Although few realize it, agriculture is connected to many of the most important and most controversial issues of the modern world. As part of our goal to educate people about the importance of agriculture and to make the garden a learning center, we hope in the future to hold panel discussions, lectures, and film screenings on a variety of topics.
You might not believe it, but agriculture has been estimated to be one of the largest consumers of petroleum products out of all industries in the United States. From production to packaging to transportation, agriculture has become a heavily petroleum dependent industry. Starting with the Green Revolution in the 1960s, farmers began to replace internal inputs (compost, manure, etc.) with external inputs (chemical fertilizers, pesticides). These chemical inputs are largely petroleum based, and account for most of the fossil fuel consumption by agriculture. Other oil consumption has come from the shift from fresh, local produce to package, transported “food.” It”s now estimated that the average meal travels about 1500 miles to make it from a farm to a table. In California, that number is about 500 miles, because most of the produce in the United States is produced in California.\n
No matter what study you read, you”ll find that agriculture is the largest consumer of water in the world. About 70% of all potable water is used in agriculture. In the last 50 years, with the increasing migration away from sustainable, ecologically balanced agriculture towards industrial agriculture, the demand on the earths fresh water resources has increased significantly. To give an example, a hybrid varieties of rice introduced into India during its Green Revolution used about 5 to 6 times more water than the indigenous varieties they replaced. Although production from these hybrid varieties was significantly higher in their initial years of use, production levels have slipped since their introduction, and water table levels in the regions of India where these varieties were introduced have dropped to levels that make it impractical to continue to farm on these lands. With water becoming an increasingly scarce resource, especially for the worlds most marginalized populations (that is, most of the worlds population), the unsustainable levels of water use in agriculture are not only impractical, but also unconscionable.

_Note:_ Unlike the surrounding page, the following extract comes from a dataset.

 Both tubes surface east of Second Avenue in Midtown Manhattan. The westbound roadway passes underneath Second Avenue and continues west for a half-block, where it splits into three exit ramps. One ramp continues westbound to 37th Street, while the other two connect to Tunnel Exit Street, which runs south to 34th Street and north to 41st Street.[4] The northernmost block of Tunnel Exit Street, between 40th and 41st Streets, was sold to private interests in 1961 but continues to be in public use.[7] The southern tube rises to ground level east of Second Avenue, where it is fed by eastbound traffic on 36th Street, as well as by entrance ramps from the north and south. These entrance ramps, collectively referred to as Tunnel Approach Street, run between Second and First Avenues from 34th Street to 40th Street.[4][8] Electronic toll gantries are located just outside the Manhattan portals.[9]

With the introduction of chemical fertilizers and pesticides into food production, agriculture moved from a process which maintained and sustained nature to an industry which denuded and denigrated it. The modern industrial agriculture system uses hundreds of pesticides, none of which have been tested for their long term effects on human health or the environment. These chemicals take a long time to degrade naturally, and find their way to our bodies through our water ways and by drifting through the air. Even more alarming is that none of these chemicals have been tested on humans for their effects when they are combined with other chemicals, as they are in our water supply. A glaring example of this irresponsible chemical use is that of Atrazine, and chemical herbicide developed by the Swiss company Syngenta. Atrazine is one of the most widely used pesticides in the world, with 76 million pounds being applied in the US in 2003. Atrazine was banned in the EU in 2004 due to its consistent groundwater contamination. A study at UC Berkeley found that, even at low levels, atrazine could cause demasculinization and femininization in male frogs. The United States EPA has failed to ban the use of atrazine twice.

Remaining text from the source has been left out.